If I understand this phrase correctly:
[I] am looking to extract the data from all columns associated with the longest sequence of non-NA rows for one particular column
You have a column of interest, call it WANT
, and are looking to isolate all columns from the single row of data with the highest consecutive non-NA values in WANT
.
Example data
df <- data.frame(A = LETTERS[1:10],
B = LETTERS[1:10],
C = LETTERS[1:10],
WANT = LETTERS[1:10],
E = LETTERS[1:10])
set.seed(123)
df[sample(1:nrow(df), 2), 4] <- NA
# A B C WANT E
#1 A A A A A
#2 B B B B B
#3 C C C <NA> C
#4 D D D D D
#5 E E E E E
#6 F F F F F
#7 G G G G G
#8 H H H H H
#9 I I I I I # want to isolate this row (#9) since most non-NA in WANT
#10 J J J <NA> J
Here you would want all I
values as it is the row with the longest running non-NA values in WANT
.
If my interpretation of your question is correct, we can extend the excellent answer found here to your situation. This creates a data frame with a running tally of consecutive non-NA values for each column.

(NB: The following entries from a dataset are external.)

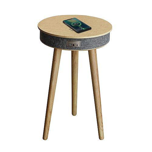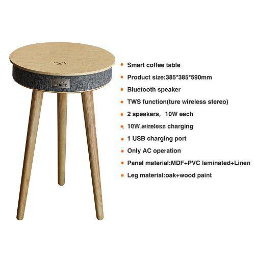 Premium cloth and real timber legs on the outside elegantly cover the latest technology and premium components on the inside. The 4 speakers along with tweeter and subwoofer deliver crystal clear 360 degree sound. Listen to music, make phone calls, charge upto 3 devices at the same time including a wireless phone charger built into the tabletop so all you need to do is set your phone down and watch it charge.
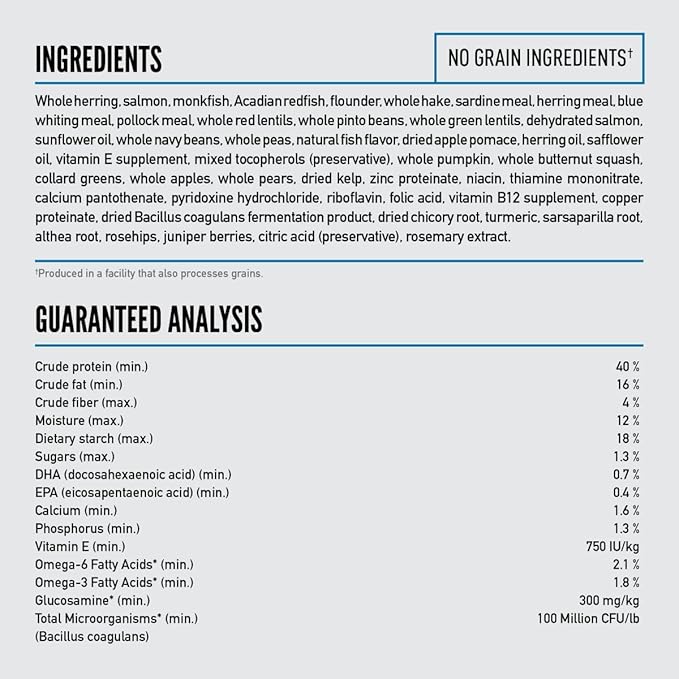 • Orijen six fish dog Food delivers a diet rich and varied in fresh, whole fish ingredients from Atlantic mackerel, herring, monkfish, Acadian Redfish, Flounder, and silver hake
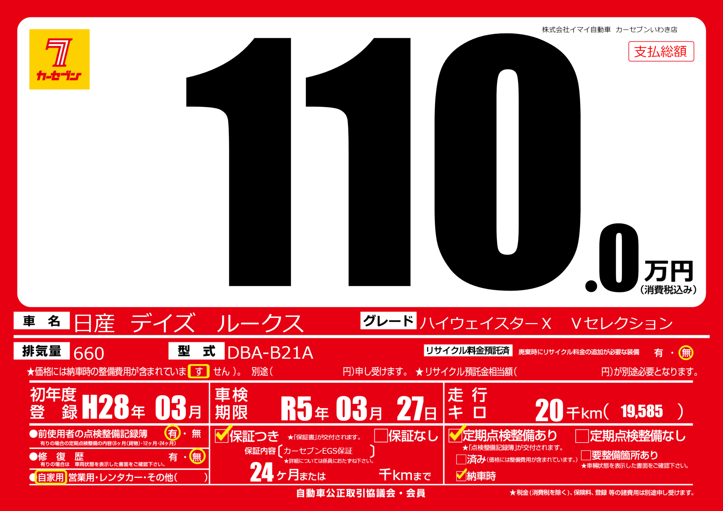 | 車名 | 日産 デイズ ルークス | グレード ミッション 排気量 |
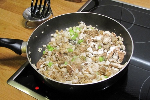 Foto rechts: Vorbereitung für das Morchel-Risotto: Die Morcheln werden zusammen mit Schalotten und Zwiebeln in Olivenöl angebraten.
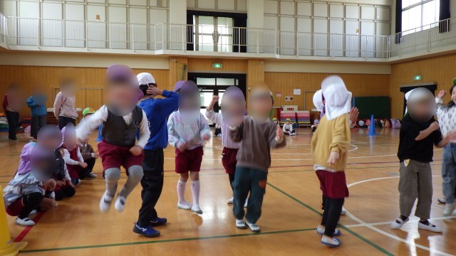 5歳児ふじ組が、東小橋小学校の体育館で行われたドッヂボール交流会に参加しました。
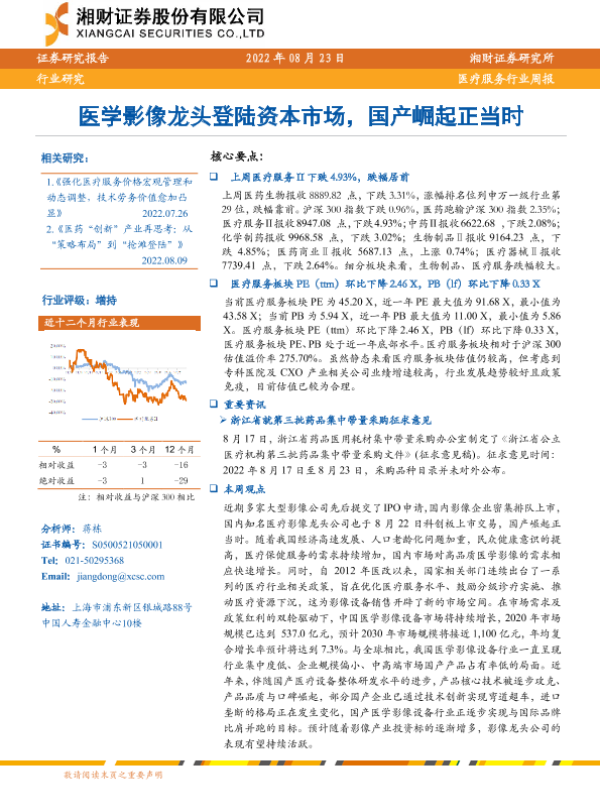【湘财证券】【20220823】医疗服务行业周报:医学影像龙头登陆资本市场,国产崛起正当时-12页
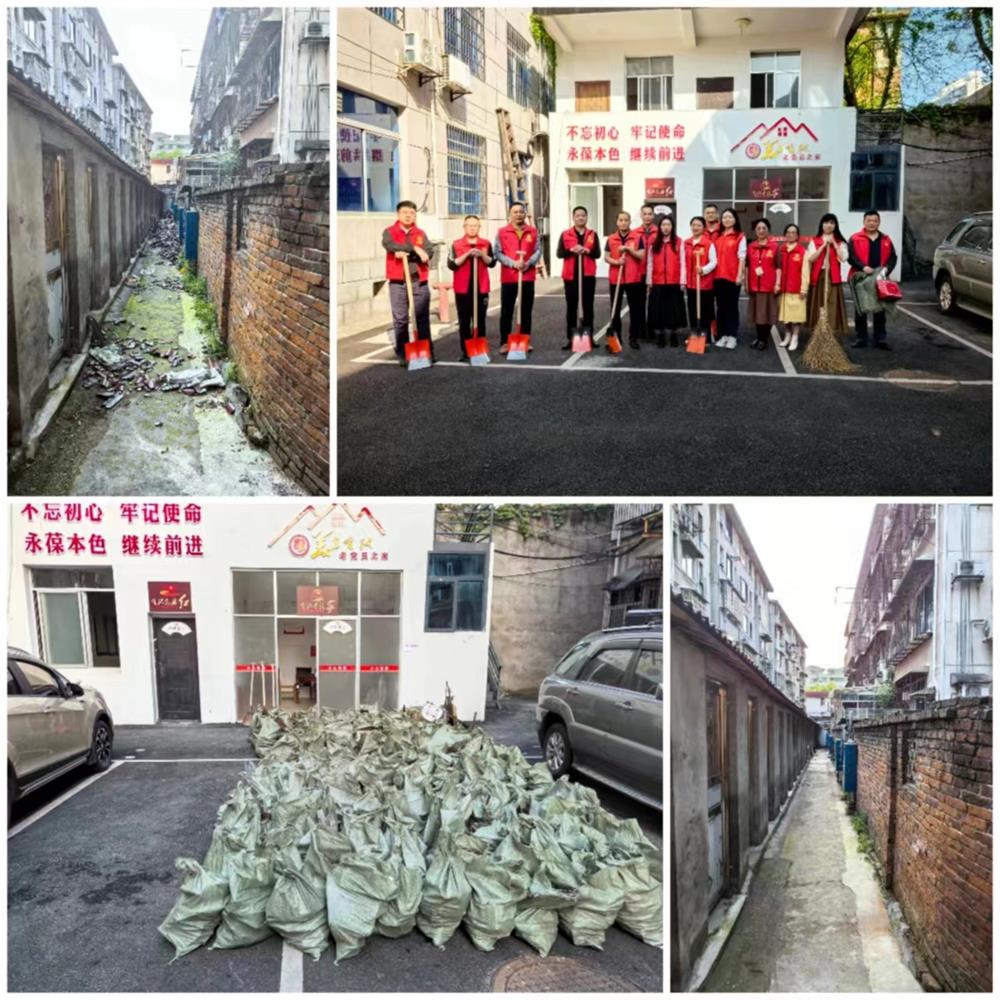 此次活动前,局机关一、二、三党支部联合组织开展了实践活动,党员志愿者们来到局机关居民楼,清除巷子里因冰灾遗留下的瓦砾和杂物,他们有的铲、有的提,分工协作,一个个干得汗流浃背,经过两小时的辛勤劳动,一共清除近200袋废弃破损的瓦砾,居民楼背巷过道变得干净整洁。

The benefit of using this is that it will count consecutive non-NA runs across all columns (of any type, ie character, numeric), then you can index on whatever column you want using which.max()

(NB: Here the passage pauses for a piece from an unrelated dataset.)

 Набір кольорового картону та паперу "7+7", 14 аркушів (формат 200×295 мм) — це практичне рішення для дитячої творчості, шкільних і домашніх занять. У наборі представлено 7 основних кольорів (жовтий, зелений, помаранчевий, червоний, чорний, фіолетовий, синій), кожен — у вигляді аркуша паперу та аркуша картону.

# from @jay.sf at https://stackoverflow.com/questions/61841400/count-consecutive-non-na-items
res <- as.data.frame(lapply(lapply(df, is.na), function(x) {
r <- rle(x)
s <- sapply(r$lengths, seq_len)
s[r$values] <- lapply(s[r$values], `*`, 0)
unlist(s)
}))
# index using which.max()
want_data <- df[which.max(res$WANT), ]
#> want_data
# A B C WANT E
#9 I I I I I
If this isn't correct, please edit your question for clarity.